Standardparty
Das Finale im zweiten Akt entwickelt sich so, wie heute Operette gemacht wird, will man sie pauschal ‚modern‘ machen – eine Orgie mit viel nackter Haut, zotigem Humor, dem einen oder anderen Herren im Frauenkostüm und einem Chor, der im hinteren Teil der Bühne das macht, was ein Chor macht, wenn ein Regisseur ihm sagt: „Tut mal so, als wärt ihr auf einer Party!“ Da kommt der Gerichtsdiener Frosch, noch nicht im Gerichtsdienerkostüm, aber bereits in Gestalt des renommierten Kabarettisten Jochen Busse und tut so, als wolle er eine Lanze brechen für die traditionelle Walzeroperette, die eine Rettung sei in unserer Zeit.
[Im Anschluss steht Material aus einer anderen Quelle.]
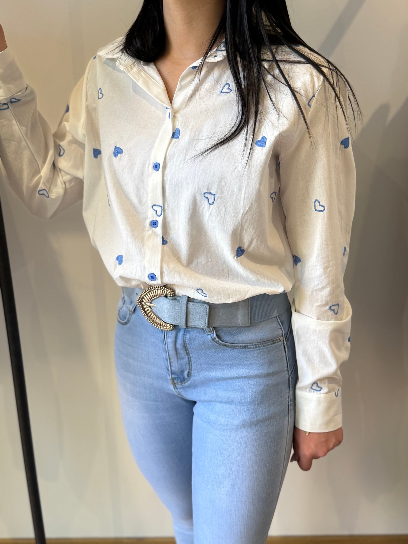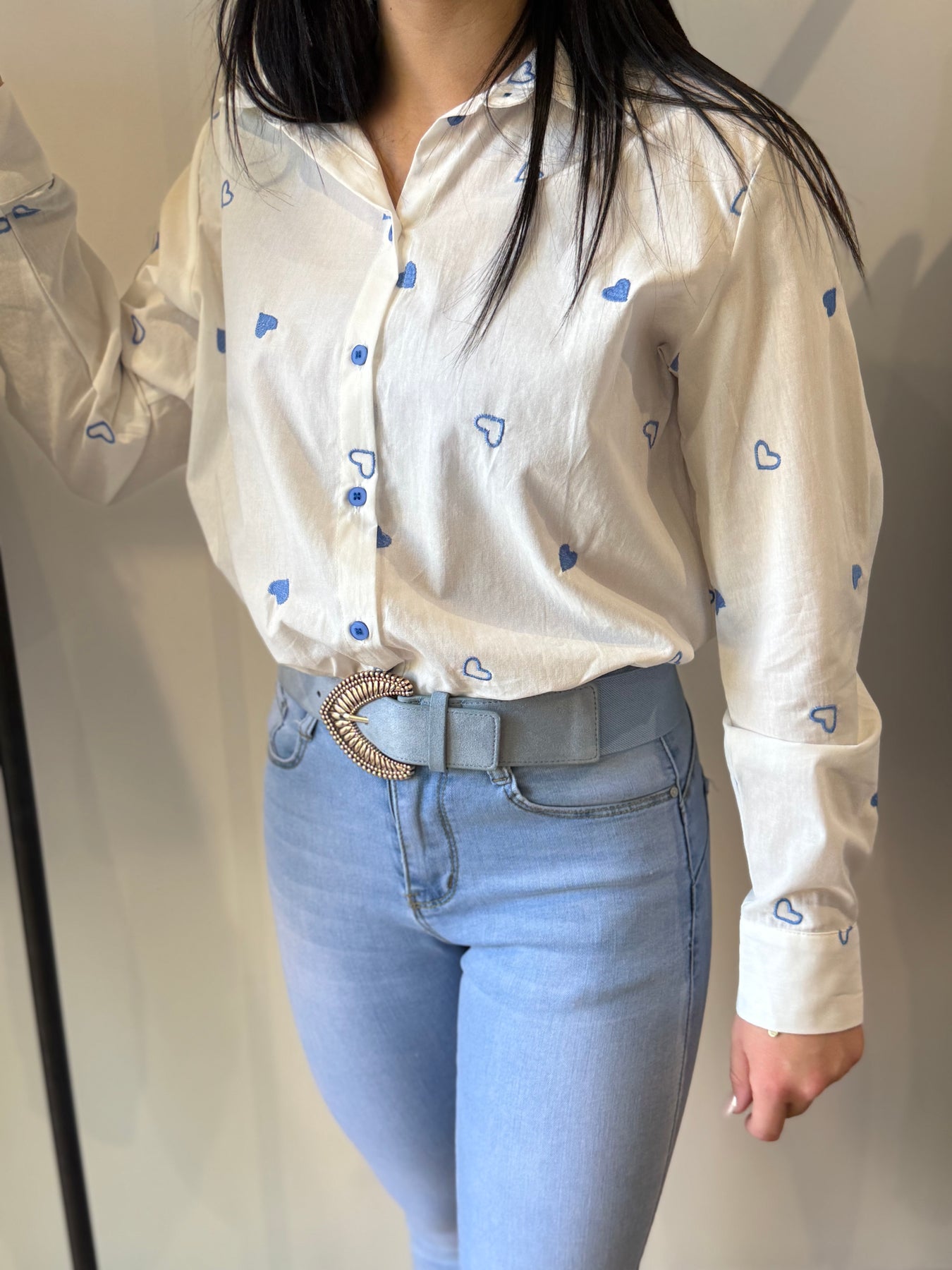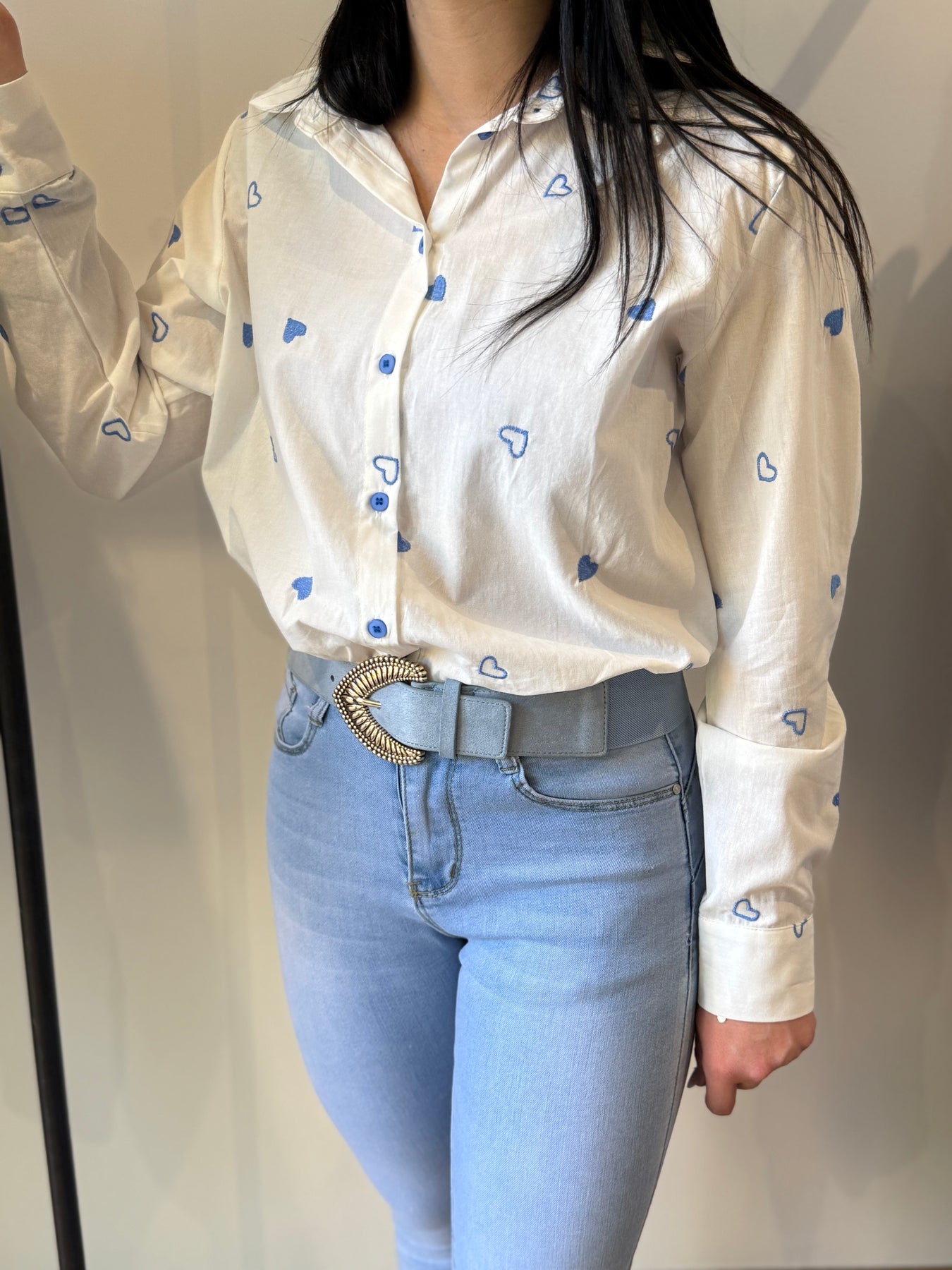 Alicia mesure 1m57 et met du 36 elle porte la chemise avec le jean Mandyse et la ceinture bleu

Nicht die Operette sei heute aus der Zeit gefallen, sondern das heutige Zeitgeschehen. Und alle ziehen sich Hosen oder lange Röcke an und tanzen sittsam weiter.
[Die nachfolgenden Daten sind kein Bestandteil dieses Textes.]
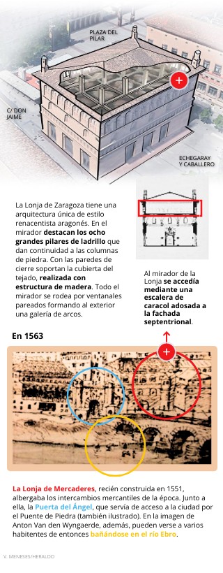 La Lonja de Zaragoza tiene una arquitectura única de estilo renacentista aragonés. En el mirador destacan los ocho grandes pilares de ladrillo que dan continuidad a las columnas de piedra. Con las paredes de cierre soportan la cubierta del tejado, realizada con estructura de madera. Todo el mirador se rodea por ventanales pareados formando al exterior una galería de arcos.
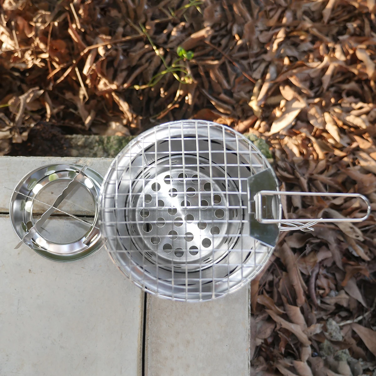 VERSATILE APPLICATION: This camping stove comes with a grill which allows you to start barbecue wherever you set up your camp. It is suitable for camping, hiking, backpacking, picnic, BBQ, outdoor survival and adventures. Note: Wood stove only, the pot and other items in the picture are not included.
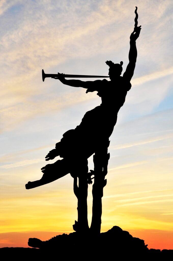 The statue portrays a wounded New Orleans gunner with the spirit of the confederacy dancing overhead while blowing a trumpet and holding a flaming cannon ball. But the tree that supports the symbolic feature has two trunks, recognizing both northern and southern sacrifices. The Louisiana Monument is an evocative work of art.
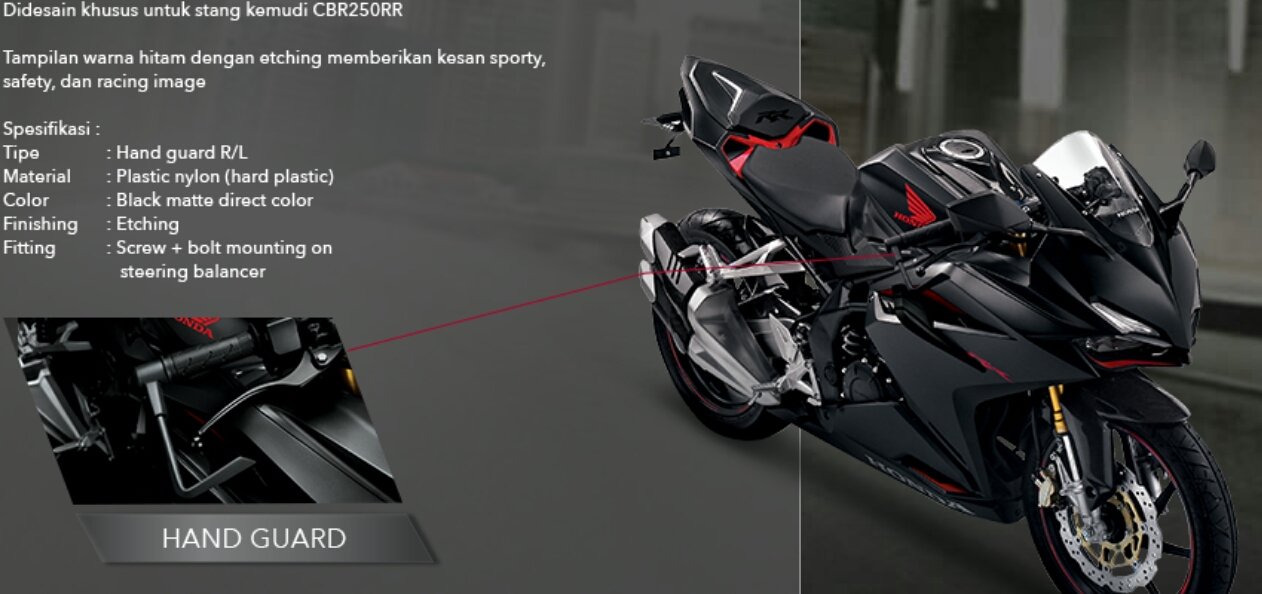 Atau klik gambar berikut untuk melihat apparet CBR250RR secara lengkap.
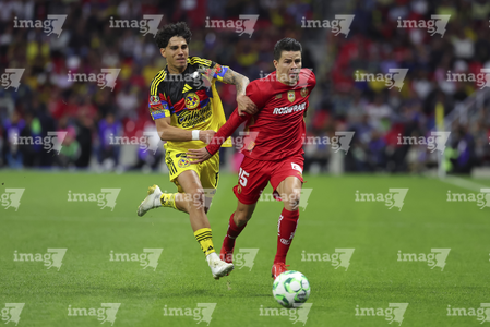 Ciudad de México, 18 de abril de 2026. Ramón Juárez y Nicolas Castro, durante el partido correspondiente a la jornada 15 del torneo Clausura 2026 de la Liga BBVA MX, entre las Águilas del América y los Diablos Rojos del Toluca, realizado en el estadio Ciudad de los Deportes. Foto: Imago7/ Rafael Vadillo

Was soll das eigentlich? Wollte man da eine Reflexionsebene einziehen oder gar eine Sicherung einbauen? A la „Wir meinen es gar nicht so wild“ für das konservative Publikum? Und – stimmt das überhaupt? Ist die Operette wirklich zeitgemäß? Antwort: ja, aber! In der klassischen Operette geht es immer um das Leben einer bestimmten Schicht: große Bürger, kleine und mittlere Adlige, schlicht die Leute, die auch ins Theater gingen. Die bekamen auf eine Weise den Spiegel vorgehalten, dass die entweder über sich selbst lachen konnten oder annehmen durften, sie persönlich wären gerade nicht gemeint. Oder man delektierte sich einfach an der spektakulären, eleganten, timingsicheren Show.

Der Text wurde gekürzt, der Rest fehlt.